L'arrêt de la Haute juridiction administrative précise :

"2. Considérant, en premier lieu, qu'aux termes de l'article L. 514-6 du code de l'environnement relatif au contentieux des installations classées pour la protection de l'environnement, dans sa rédaction en vigueur à la date de l'arrêté litigieux : " Les décisions prises en application des articles L. 512-1 (...) sont soumises à un contentieux de pleine juridiction. Elles peuvent être déférées à la juridiction administrative : (...) / 2° Par les tiers, personnes physiques ou morales, les communes intéressées ou leurs groupements, en raison des inconvénients ou des dangers que le fonctionnement de l'installation présente pour les intérêts visés à l'article L. 511-1 (...) " ; qu'au sens de ces dispositions, un établissement commercial ne peut se voir reconnaître la qualité de tiers recevable à contester devant le juge une autorisation d'exploiter une installation classée pour la protection de l'environnement délivrée à une entreprise, fut-elle concurrente, que dans les cas où les inconvénients ou les dangers que le fonctionnement de l'installation classée présente pour les intérêts visés à l'article L. 511-1 sont de nature à affecter par eux-mêmes les conditions d'exploitation de cet établissement commercial ; qu'il appartient à ce titre au juge administratif de vérifier si l'établissement justifie d'un intérêt suffisamment direct lui donnant qualité pour demander l'annulation de l'autorisation en cause, compte tenu des inconvénients et dangers que présente pour lui l'installation classée, appréciés notamment en fonction de ses conditions de fonctionnement, de la situation des personnes qui le fréquentent ainsi que de la configuration des lieux ;"

Il convent de souligner qu'était ici en cause la recevabilité du recours exercé, non par une personne physique mais une personne morale. Le Conseil d'Etat juge que le recours exercé par cette personne morale ne peut être recevable au motif qu'elle agit en qualité de concurrente de celle qui est bénéficiaire de l'autorisation attaquée. Le recours contre l'autorisation ICPE ne peut donc servir à régler un problème concurrentiel. L'objet de la police des ICPE est distinct de celui du droit de la concurrence.

En réalité, la société requérante doit démontrer que inconvénients ou les dangers que le fonctionnement de l'installation classée présente pour les intérêts visés à l'article L. 511-1 sont de nature à affecter par eux-mêmes ses propres conditions d'exploitation. Elle doit donc rapporter la preuve, d'une part de l'atteinte aux intérêts visés à l'article L.511-1 du code de l'environnement, d'autre part de la perturbation de sa propre activité. 

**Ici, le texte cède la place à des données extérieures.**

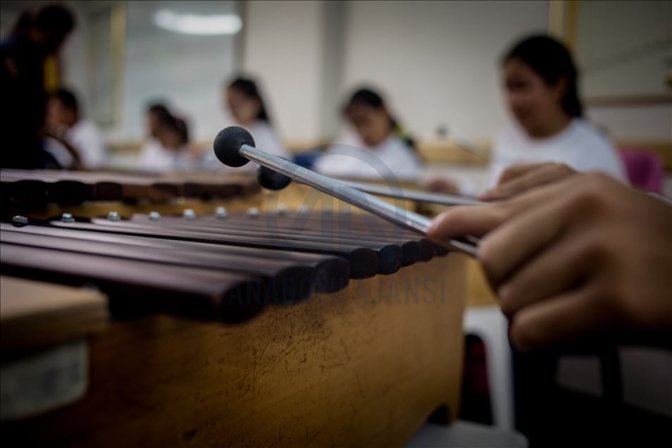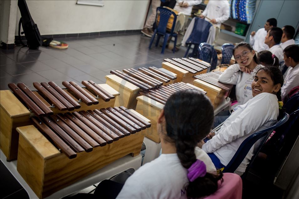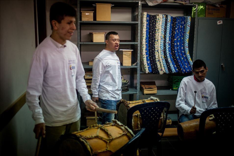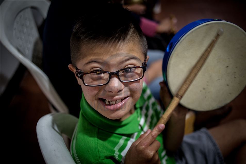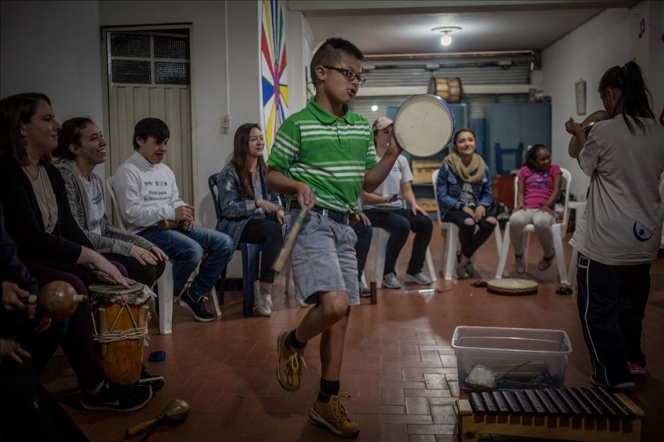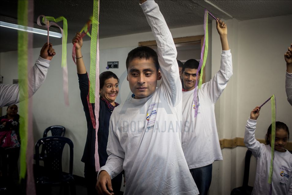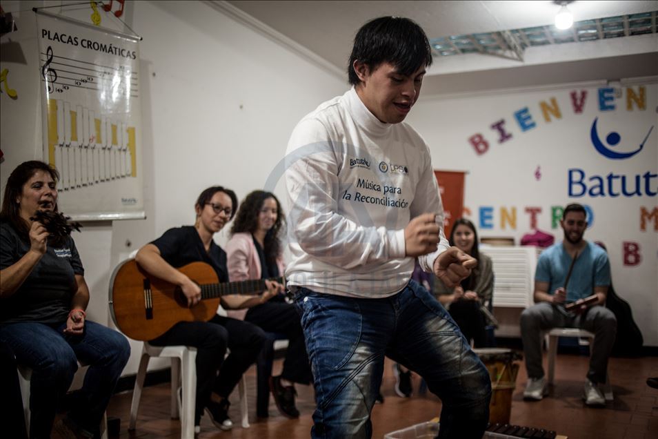 A group of kids with disabilities is seen during a class to motivate their senses through the dance and music at the Batuta foundation in Bogota, Colombia on January 16, 2020. Music tends to be one of the top motivators for children with special needs so they can use this to their advantage.

Cette preuve sera parfois délicate à rapporter. Lorsque le requérant exerce la même activité que  le bénéficiaire de l'autorisation litigieuse, il sera peu aisé d'écrire dans un recours que ladite activité présenter des dangers ou inconvénients pour les intérêts ou inconvénients visés à l'article L.511-1 du code de l'environnement : protection de l'environnement et la santé publique.

Certes le pouvoir réglementaire puis le Juge oeuvrent ainsi à prévenir les recours dont l'objet est étranger au code de l'environnement. Pour autant cette solution présente elle-même des inconvénients.

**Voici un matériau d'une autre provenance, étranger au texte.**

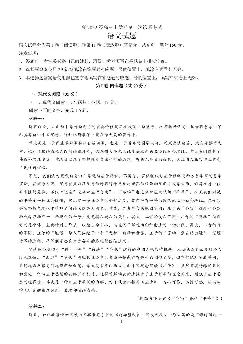 四川省宜宾市叙州区高2022级高三上期第一次诊断性考试 语文

En effet, le concurrent qui ne pourra plus agir directement - parfois même avec de bonnes raisons - contre l'autorisation d'exploiter ICPE - pourra tenter de le faire, non plus directement mais par personne interposée. Il est un secret de polichinelle que certaines entreprises attaquent ainsi les projets de concurrents en encourageant ou en proposant à des personnes privées, dont l'intérêt à agir est certain, de le faire, parfois à leur place.

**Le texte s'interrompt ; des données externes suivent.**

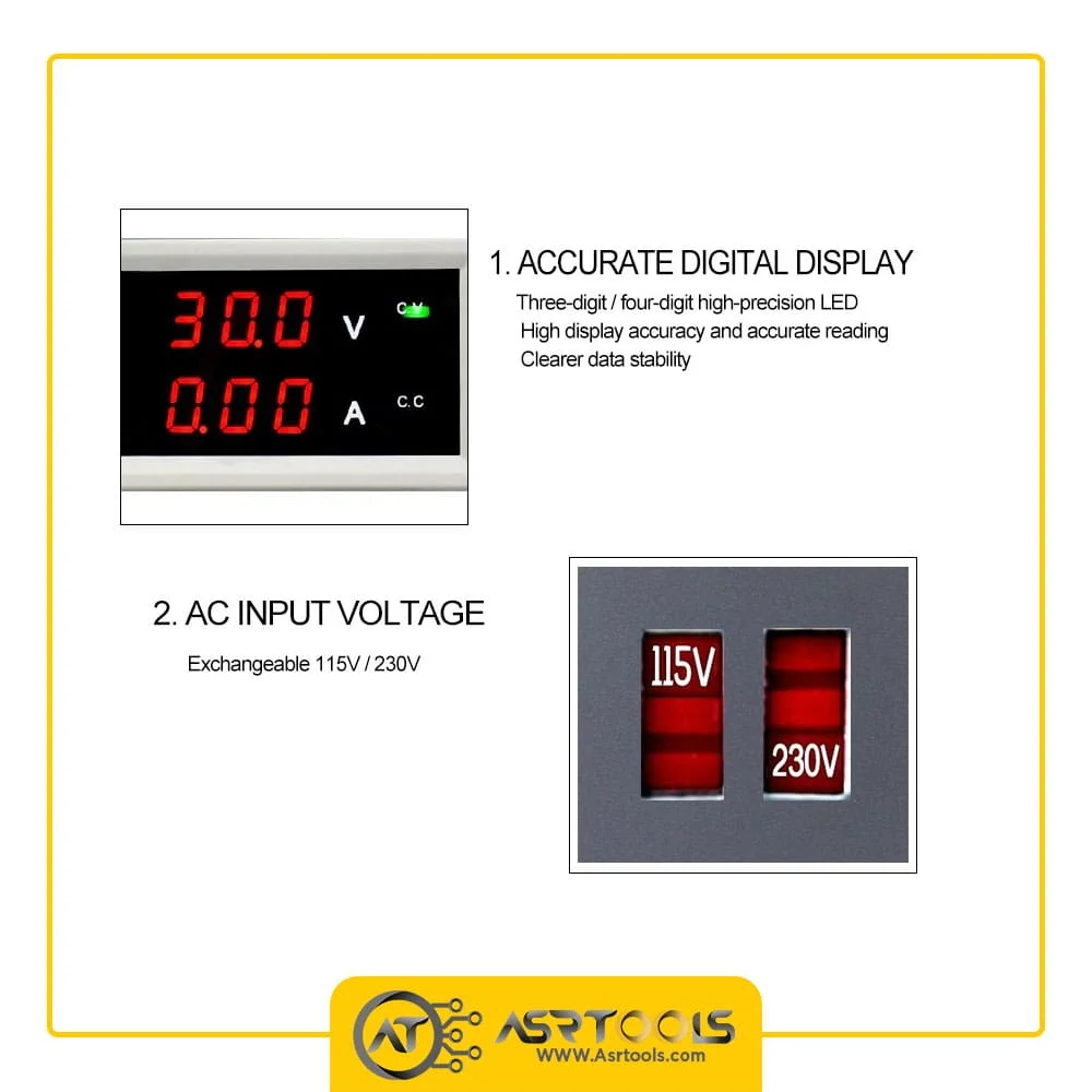 • خروجی ولتاژ 0~30 ولت با دقت 0.1V

Cette solution qui consiste à évaluer plus sévèrement l'intérêt à agir de l'auteur du recours contre une autorisation d'exploiter ICPE ne dispense donc pas d'une réflexion plus globale sur les conditions d'accès au Juge.

Le rapport de la mission confiée à Daniel Labetoulle par la Ministre de l'Egalité des territoires et du Logement devrait y contribuer.